What the task requires: Print the whole listing exactly as it appears, but skip the pictures.

Supplied information:
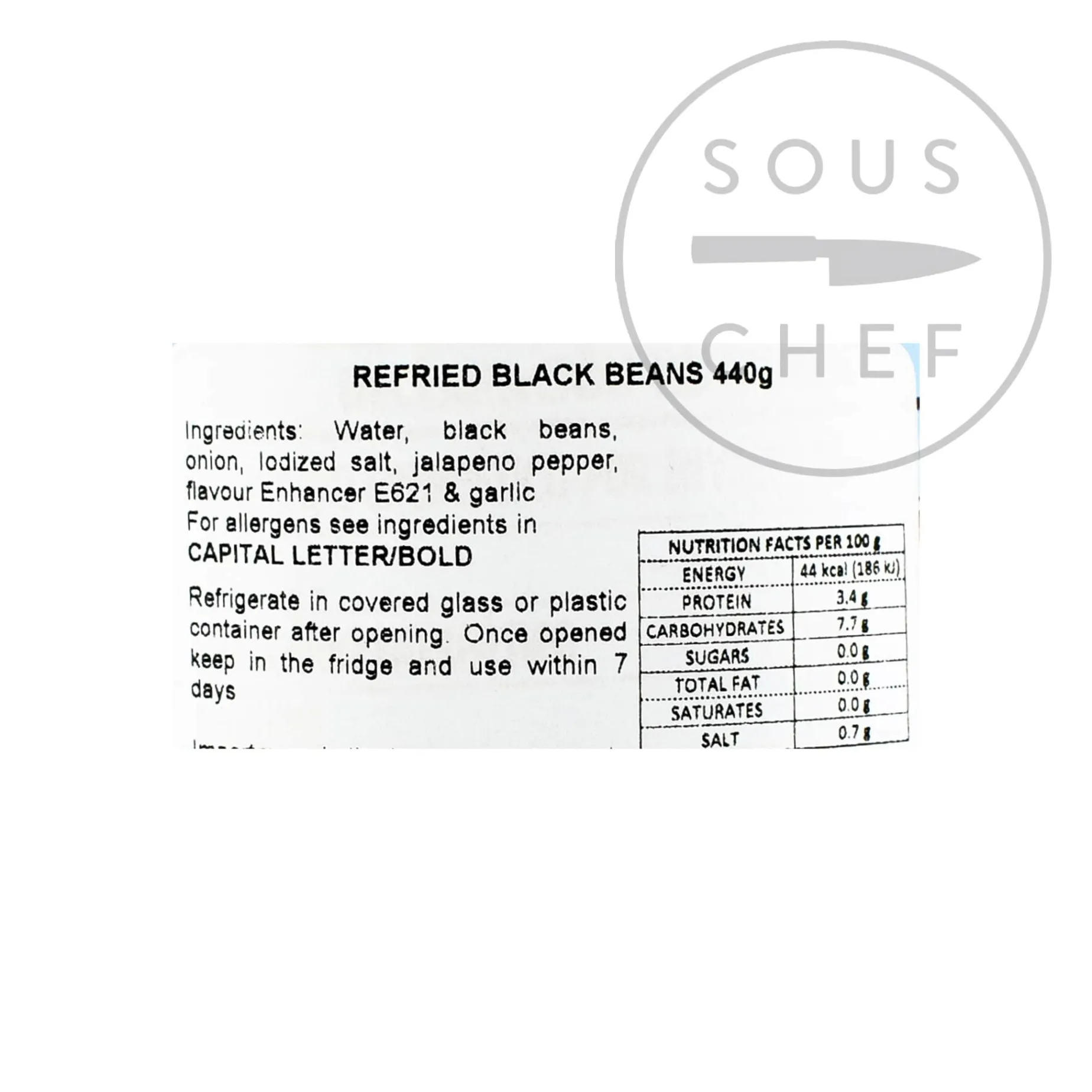 Product formulations and details may change. For the latest ingredients and allergen information always check product packaging prior to consumption. Ingredients: water, black beans, onions, iodised salt, jalapeno pepper, flavour enhancer E621 (monosodium glutamate) and garlic. Contains MSG.
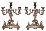 PAIR of French Empire bronze dore 4 arm candelabras with figural sphinx decorations on the triangular bases. (PRICED AS PAIR)
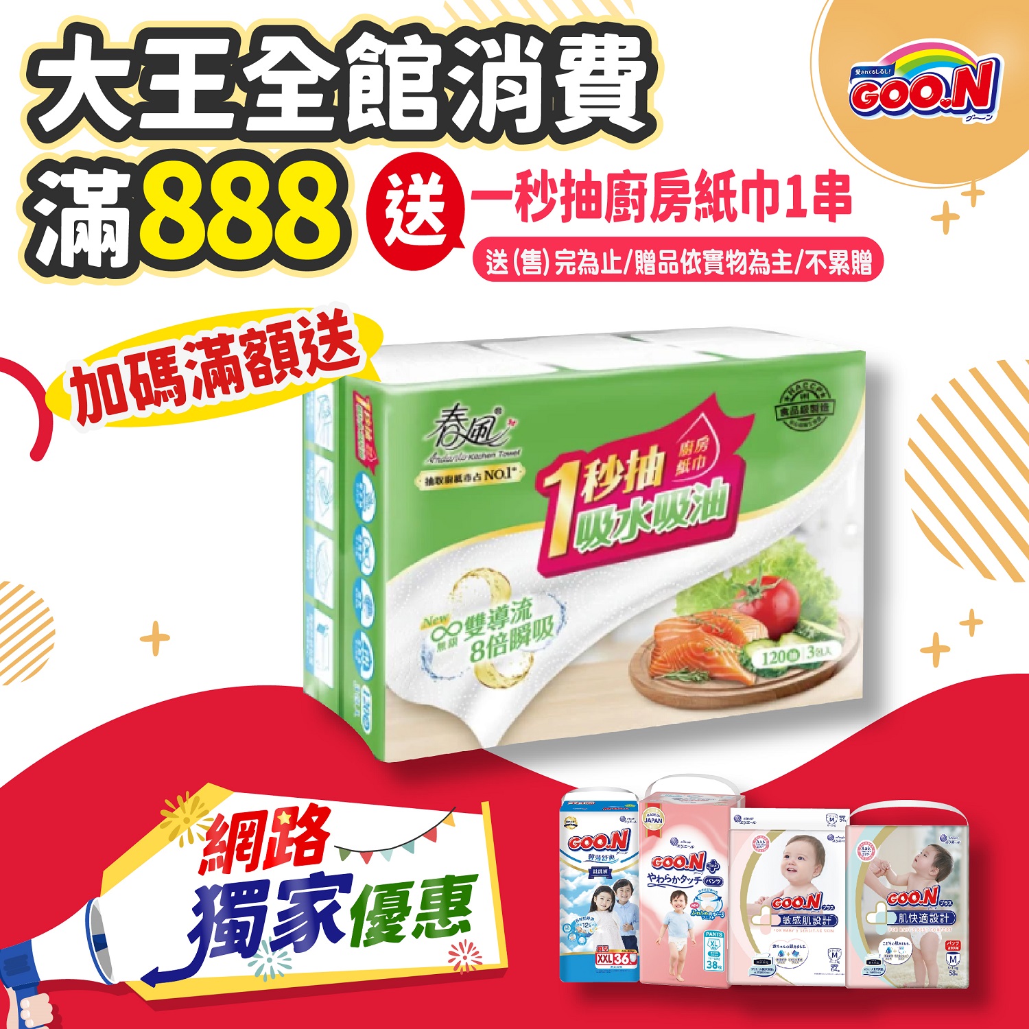 【網路獨家優惠】大王全館消費滿888元,再送一秒抽廚房紙巾1串(送完為止/不累贈)

Result of the task:
 Product formulations and details may change. For the latest ingredients and allergen information always check product packaging prior to consumption. Ingredients: water, black beans, onions, iodised salt, jalapeno pepper, flavour enhancer E621 (monosodium glutamate) and garlic. Contains MSG.
 PAIR of French Empire bronze dore 4 arm candelabras with figural sphinx decorations on the triangular bases. (PRICED AS PAIR)
 【網路獨家優惠】大王全館消費滿888元,再送一秒抽廚房紙巾1串(送完為止/不累贈)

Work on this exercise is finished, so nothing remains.